Хотя метафора и является самым радикальным средством дегуманизации, все же, – заявляет Ортега-и-Гассет, – нельзя сказать, что она представляет единственное средство. Помимо нее существует бесчисленное множество других средств дегуманизации, самое простое из которых «состоит в простом изменении обычной перспективы». Человеческая точка зрения обычно упорядочивает вещи: одни являются очень важными, другие – менее важными, третьи – совсем не имеющими значения. Чтобы дегуманизировать, достаточно изменить существующий порядок вещей, достаточно перевернуть перспективу: «Достаточно перевернуть иерархию и получить искусство, где на первом плане окажутся выдающиеся своим монументальным видом минимальные проявления жизни… Лучшими примерами того, каким образом нужно преувеличить реализм, чтобы его превзойти, – не более чем перейти от внимательного рассмотрения с лупой в руках к микроскопу жизни, – являются Пруст, Рамон Гомес де ла Серна, Джойс». Раньше художник как бы соревновался с реальностью, пытался создать вторую такую же или превосходящую реальность. Если он и выражал какие-то идеи – эти идеи были прямо и непосредственно связаны с действительностью, исходили из нее как из своего основного источника. В новом искусстве положение коренным образом меняется. Идеи теряют свою связь с действительностью, они становятся «чистыми» идеями, схемами: «Если мы предлагаем сознательно реализовать идеи, то мы должны дегуманизировать, дереализовывать их, потому что они являются действительно ирреальностью. Схватывание их как реальности есть идеализация, наивная фальсификация. Заставить их жить в самой их ирреальности – это значит, скажем так, реализовать ирреальное как ирреальное. Здесь мы будем идти от сознания к миру и, наоборот, дадим пластичность, объективируем, обмирщим (mundificamos) схемы внутреннего и субъективного».

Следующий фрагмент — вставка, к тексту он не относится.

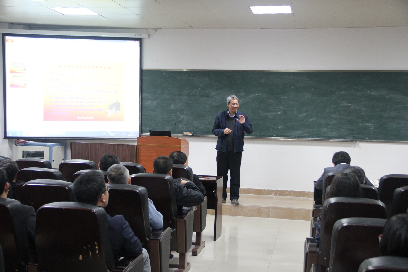 12月25日下午,乐竞体育-中国一站式服务官网在海韵园实验楼105召开学期末教职工大会,乐竞体育-中国一站式服务官网党政领导和全体教职员工参加了会议。黄宝秋书记主持了会议。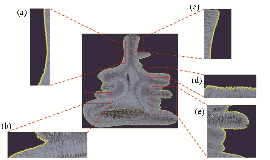 | Fig.9 Corrected normal vector (a~e represent the amplification effect after correcting the normal vector in the corresponding region of |

«Дегуманизация» – движение не от мира к сознанию, но от сознания к миру, обретение «чистых идей», замена псевдореалистических фальсификаций ирреальностью – так Ортега именует глубинное познание, освоение действительности соответственно законам красоты. «Дегуманизация» – замена изображения вещей изображением идей: «От изображения вещей живопись перешла к изображению идей; художник ослеп для внешнего мира и повернул зрачок к внутренним и субъективным пейзажам».

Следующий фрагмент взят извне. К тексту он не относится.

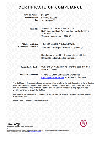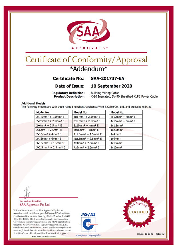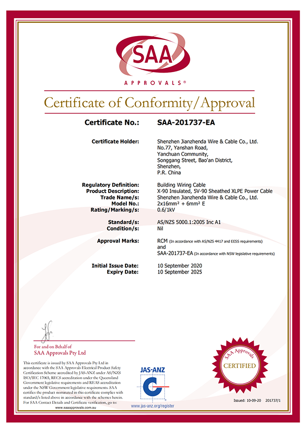 深圳建圳達電線電纜有限公司,成立于2000年,是一家電線電纜制造商,我們通過了世界各地不同市場的多數(shù)認證,如:CCC、RoHS、CB、SAA、TUV、VDE、PSE、BPS、UL、CSA。我們根據定制產品不斷更新新的認證。經過數(shù)十年的發(fā)展,我們與來自世界各地的客戶建立了長期的合作關系。我們曾經是菲律賓機場,,柬埔寨的電力站,美國的醫(yī)院,工廠,埃塞俄比亞的水電站項目。我們是一家值得信賴的電線供應商。

Модернизм – одновременно возврат к иконокласии и скачок в новое состояние искусства: отказ от «живых форм» и их замена «глубинными идеями».
Было бы интересно исследовать со всем вниманием проявления иконокласии, которая иногда проявляется в религии и в искусстве. В новом искусстве действует, очевидно, это странное чувство иконокласии, и его девиз мог бы быть заповедью Порфирия, которая была принята манихейцами и против которой так яростно боролся св. Августин: («Всякого тела должно избегать»). И ясно, что это относится к живому телу. Любопытная инверсия греческой культуры, которая в период своего наивысшего расцвета была таким другом живых форм.
Подобно тому, как в эпоху Данте красота человеческого тела уступила красоте духа и человеческой души, современный модернизм, «вдохновение дня», освобождается от внешних копий ради внутренних состояний, переоценивает ценности, движется вперед:
…Одно из двух: «или традиция уничтожает все оригинальные потенции – как это было в Египте, Византии, вообще на Востоке, – или прошлое тяготеет над настоящим; и то и другое в итоге приводят к наступлению продолжительной эпохи, когда новое искусство постепенно освобождается от старого, которое его душило». Ортега считает давление всякой традиции губительным для творческих импульсов современности.